Records drawn from a dataset
______

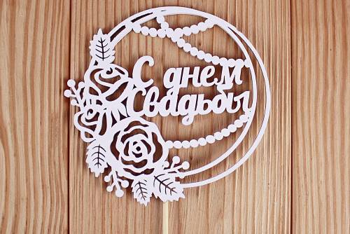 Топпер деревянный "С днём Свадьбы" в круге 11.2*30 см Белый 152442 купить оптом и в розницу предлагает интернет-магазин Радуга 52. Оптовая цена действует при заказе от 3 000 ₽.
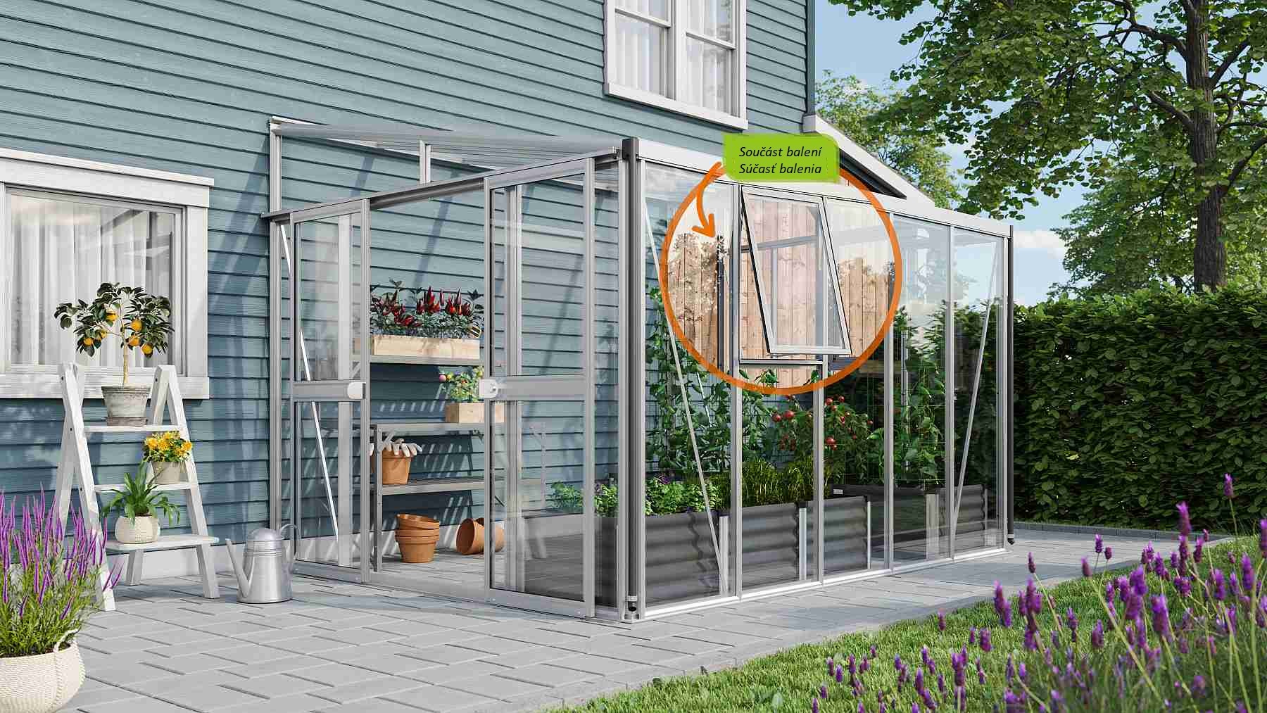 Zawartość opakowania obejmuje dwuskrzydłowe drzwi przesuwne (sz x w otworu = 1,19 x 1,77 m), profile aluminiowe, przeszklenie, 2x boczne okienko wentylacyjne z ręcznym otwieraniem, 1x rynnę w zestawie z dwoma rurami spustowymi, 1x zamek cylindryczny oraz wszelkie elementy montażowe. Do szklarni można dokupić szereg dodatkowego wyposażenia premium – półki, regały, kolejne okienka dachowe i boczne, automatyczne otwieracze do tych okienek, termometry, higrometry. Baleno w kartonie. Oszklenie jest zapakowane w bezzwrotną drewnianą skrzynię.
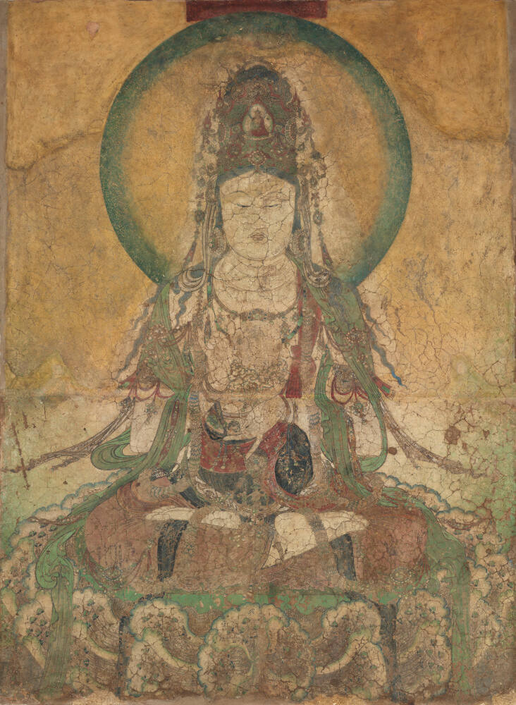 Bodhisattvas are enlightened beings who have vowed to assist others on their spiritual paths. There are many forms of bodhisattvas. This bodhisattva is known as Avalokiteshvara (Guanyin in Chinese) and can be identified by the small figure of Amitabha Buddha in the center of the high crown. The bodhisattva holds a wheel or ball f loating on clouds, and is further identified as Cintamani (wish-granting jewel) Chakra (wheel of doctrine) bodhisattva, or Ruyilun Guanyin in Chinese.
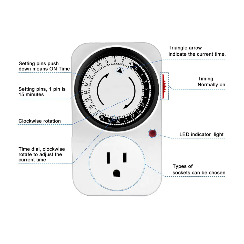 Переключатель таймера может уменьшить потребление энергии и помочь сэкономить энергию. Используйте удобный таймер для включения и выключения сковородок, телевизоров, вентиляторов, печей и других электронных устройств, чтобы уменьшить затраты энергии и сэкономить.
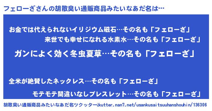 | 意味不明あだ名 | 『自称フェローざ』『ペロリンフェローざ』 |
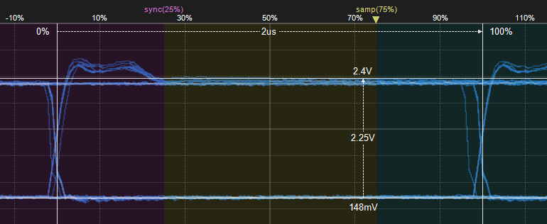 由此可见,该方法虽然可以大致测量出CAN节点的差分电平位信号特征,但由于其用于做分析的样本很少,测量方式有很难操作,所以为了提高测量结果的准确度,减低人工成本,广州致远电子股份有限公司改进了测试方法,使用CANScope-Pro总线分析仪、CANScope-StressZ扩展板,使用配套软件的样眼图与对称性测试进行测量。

______

Leave out the pictures, and extract exactly the lines from the one with "意味不明あだ名 | 『自称フェローざ』『ペロリンフェローざ』 |" through the end of the records, both ends included.

 | 意味不明あだ名 | 『自称フェローざ』『ペロリンフェローざ』 |
 由此可见,该方法虽然可以大致测量出CAN节点的差分电平位信号特征,但由于其用于做分析的样本很少,测量方式有很难操作,所以为了提高测量结果的准确度,减低人工成本,广州致远电子股份有限公司改进了测试方法,使用CANScope-Pro总线分析仪、CANScope-StressZ扩展板,使用配套软件的样眼图与对称性测试进行测量。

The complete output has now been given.